Khan can be fielded in two versions: with or without his special relic bike Moondrakkan. The bike option is the construct which seems to be what causes most players to consider Khan, and that makes sense: it is characterful (he is a White Scars special character) and at only 10 points more than the cost of an ordinary Space Marine Bike for a generically-built Captain, Moondrakkan confers to Khan extra movement (he can Run instead of Shooting) and the ability to Assault at the end of that extra movement (via Fleet). These are outstanding benefits for the cost, and anyone considering a bike-themed Space Marine army would be well-advised to lead it with Khan on Moondrakkan--but it does increase his total cost to 205 points (translating him from the most economical Special Character Space Marine Captain to the most expensive), and perhaps most importantly, it does not at present confer the ability to Run or Fleet to any squad Khan might be attached to/leading...which means, to benefit from Moondrakkan's special rule to maximum effect, Khan is going to have to ride alone. While his movement will likely be so flexible he should still be able to combine charges with other supporting units most of the time, this *is* still an extra complication for a fielding player; and more importantly, not belonging to a unit leaves Khan vulnerable to the character-assassinating machinations of one's opponent.

A more appealing option, though less obvious, is Khan on foot, without Moondrakkan. In this configuration, Khan is only 160 points, but retains all of his equipment and special rules except Fleet. That means he and any unit he joins may still Hit and Run and Furious Charge, and Khan still wields the mighty power sword Moonfang, which causes Instant Death on any To Wound roll of 6, regardless of an opponent's Toughness. All this, and under Khan's leadership all squads in his army which possessed Combat Tactics exchange them for the ability to outflank--including squads in dedicated transports! Those are exceptional, completely army-changing special rules, for 45 points more than an similarly-equipped generic-build Captain. They won't be for every player--in which case, 45 points saved is a not-inconsiderable sum--but for a mobility-based Space Marine army, Kor'sarro Khan is the Captain of choice...astride his bike, or not.

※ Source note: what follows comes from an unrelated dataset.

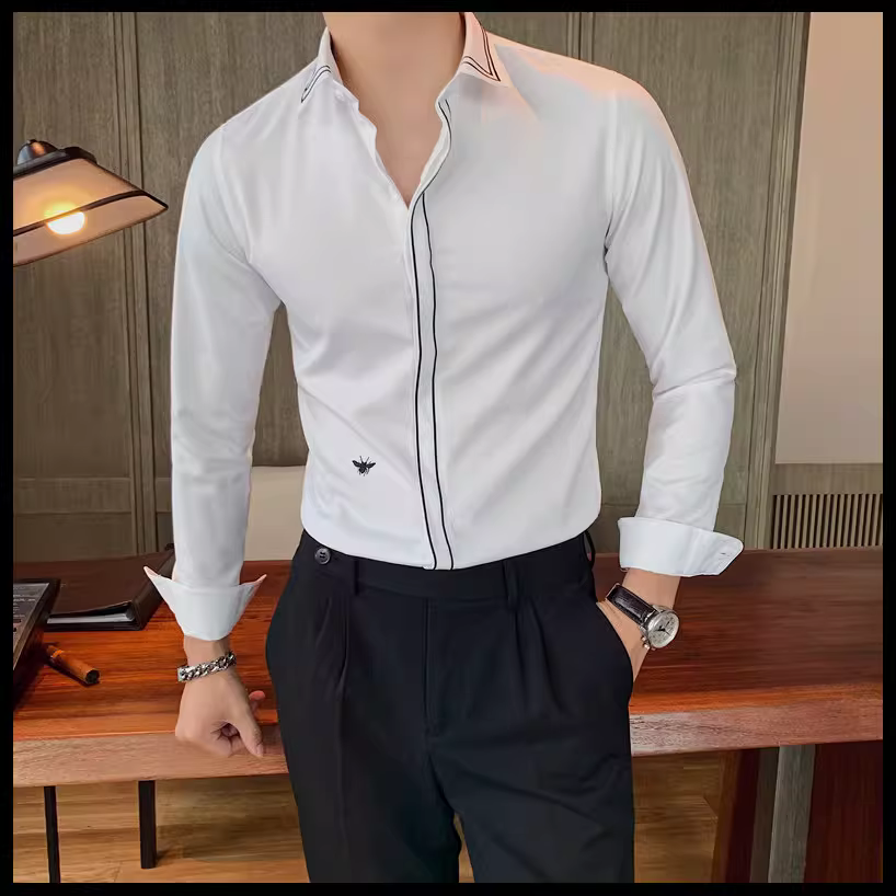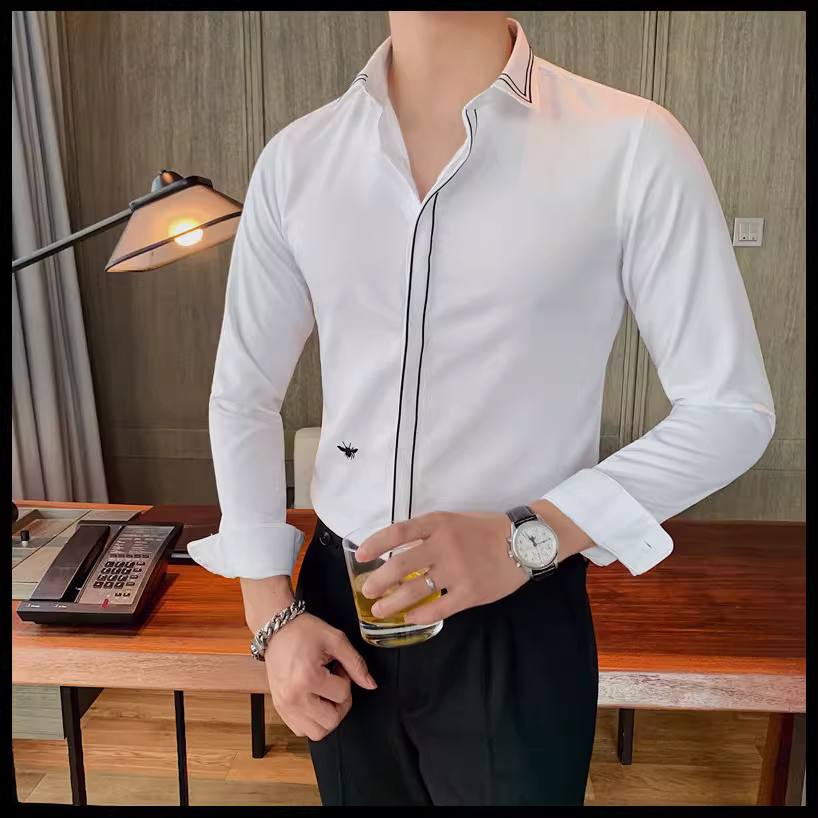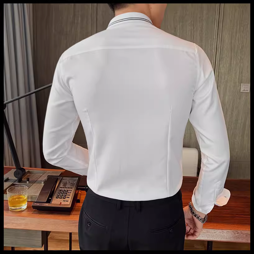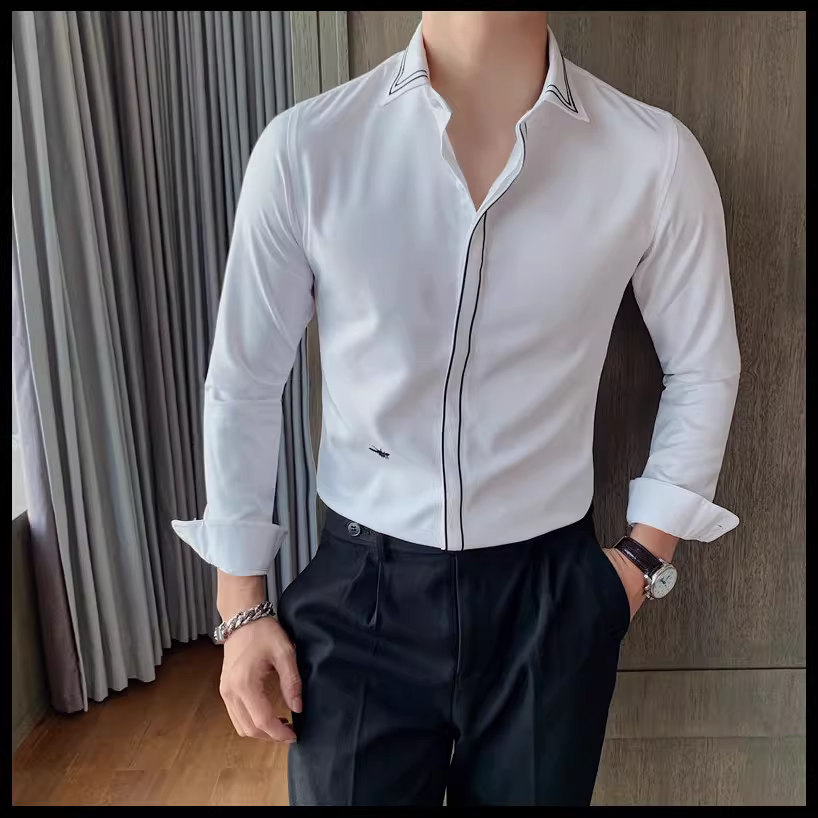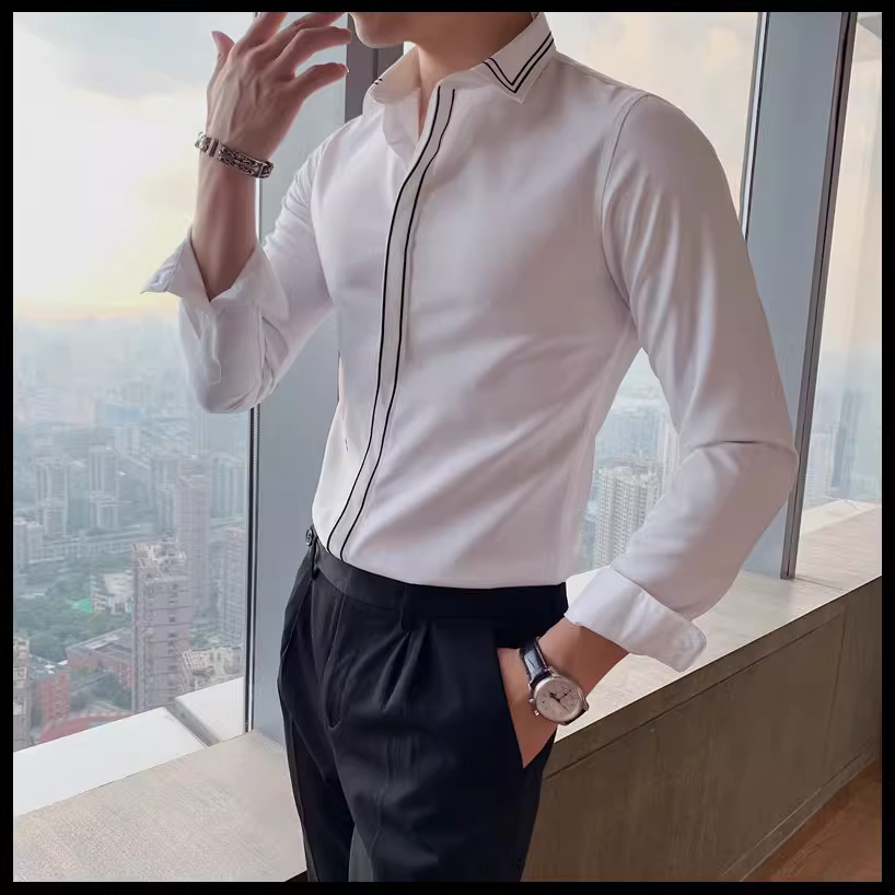 - Áo sơ mi nam kẻ sọc phong cách Anh quốc mới mùa xuân thu, kiểu Hàn Quốc, thời trang, lịch lãm, dáng ôm, màu trắng

SPACE MARINE CAPTAIN: As with the other HQ options in the new Codex, there is still a place for a custom-built Captain. A player can build a Terminator-armoured or bike-riding Captain with different weapons fit-out and at a significantly-reduced cost from either Lysander or Khan, or one with a jump pack for less than Shrike; a Captain on foot with no more addition than an exchange of his chainsword for a power weapon is still frightfully effective, and only 115 points--130, if upgraded to artificer armour--and of course a player wishing to field a particularly-equipped model (twin lightning claws, as in Sicarius' previous incarnation, spring to mind) fortunately still has this route to go to. At the end of the day, a Captain built from the generic listing is going to be the choice for the player of predominantly shooty armies, both because the template characters all have a close-combat focus and because it is simply more cost-effective, as the points-saved translate to more firepower. Any player considering a 'lead from the front' kind of Space Marine Captain would do well to look at the five Special Characters, and see if any of the bonuses they bring to the table mesh with what the player intends; the bang-for-the-buck difference is considerable.